Thursday, May 08, 2008

Local TV news - NBC sees the future and doesn't like it much

Most interesting announcement this week from NBC about how it is redoing its news operation out of WNBC in New York -- and it's hardly a ringing endorsement for local TV as we now know it.

According to the New York Times article, NBC is shifting the station's resources, de-emphasizing the station (WNBC is coming off the Web site and it will just be called NBC New York) to be part of a "content center" that will feed a 24-hour cable channel as well as gas pumps, taxi cab screens, etc. In that, it's smart. "Convergence" means a lot more than just print, broadcast and online.

But a few bon mots from John Wallace, NBC's new president for "local media" (again, de-emphasizing the "station" aspect).

Mr. Wallace said that local television “has a perception issue right now as to whether it is a sustainable business long term.” Once a huge generator of cash for media companies, local stations now have an “eroding and aging” audience and have become “slow-growth business,” Mr. Wallace said, adding that their revenue growth averages between 1 percent and 3 percent.

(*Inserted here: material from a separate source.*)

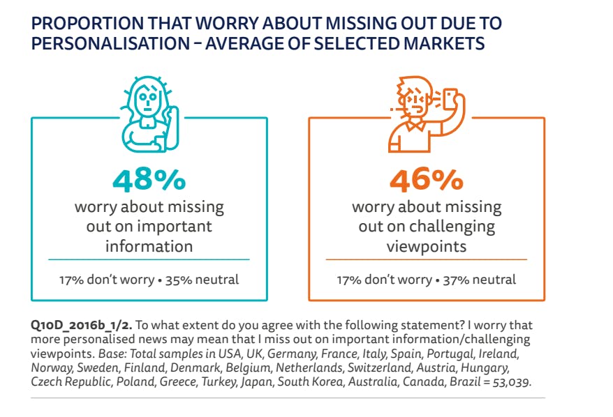 The proportion of users that worry about missing out on important info due to personalisation. Source: Reuters Institute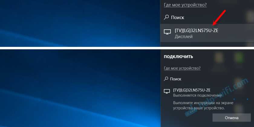 В этом меню (неважно каким способом вы его будете открывать) выбираем свой телевизор/проектор/адаптер. После чего сразу начнется процесс подключения

“We look at our content, and we believe it’s relevant content,” Mr. Wallace said. “It’s just not convenient because of the way people’s lives have changed with technology.” ...

Providing round-the-clock live news will not require NBC to hire more employees for the new channel; it plans to rely instead on expanding the duties of its present staff members, which Mr. Wallace called “a work-flow change.” He said, “There will be no added staff. We’ll just use them differently.”

Producers, for example, whose previous focus had been “getting the show on the air at the assigned time,” will be retrained to produce video segments instead of shows, with the goal being to spread the segments across various local NBC platforms, be they the news channel, the Web site or the taxis.

He said he expected "some natural resistance." Well, at least he's not laying it between the lines, huh? I wonder if broadcast journalism programs across the country are paying attention.

If it works in New York, NBC plans to expand it to its other large-market stations. I doubt this would work the same way in smaller markets (not enough taxis after all {grin}). But, of course, if NBC pulls this off with the same (I'm betting eventually smaller) staff in the larger markets, then we all know others will be watching and we know what rolls downhill ...

Chuck Fadley of the Miami Herald and proprietor of the Yahoo newspaper video group had insightful comments, noting that this could also be a direct competitor to newspaper Web sites during the office day when a lot of people go to local news sites for breaking news. In response, Bill Dunphy warned that if it becomes a head-to-head situation, newspapers could be the ones that eventually suffer -- while they are better staffed, it's hard to compete with that much additional overhead.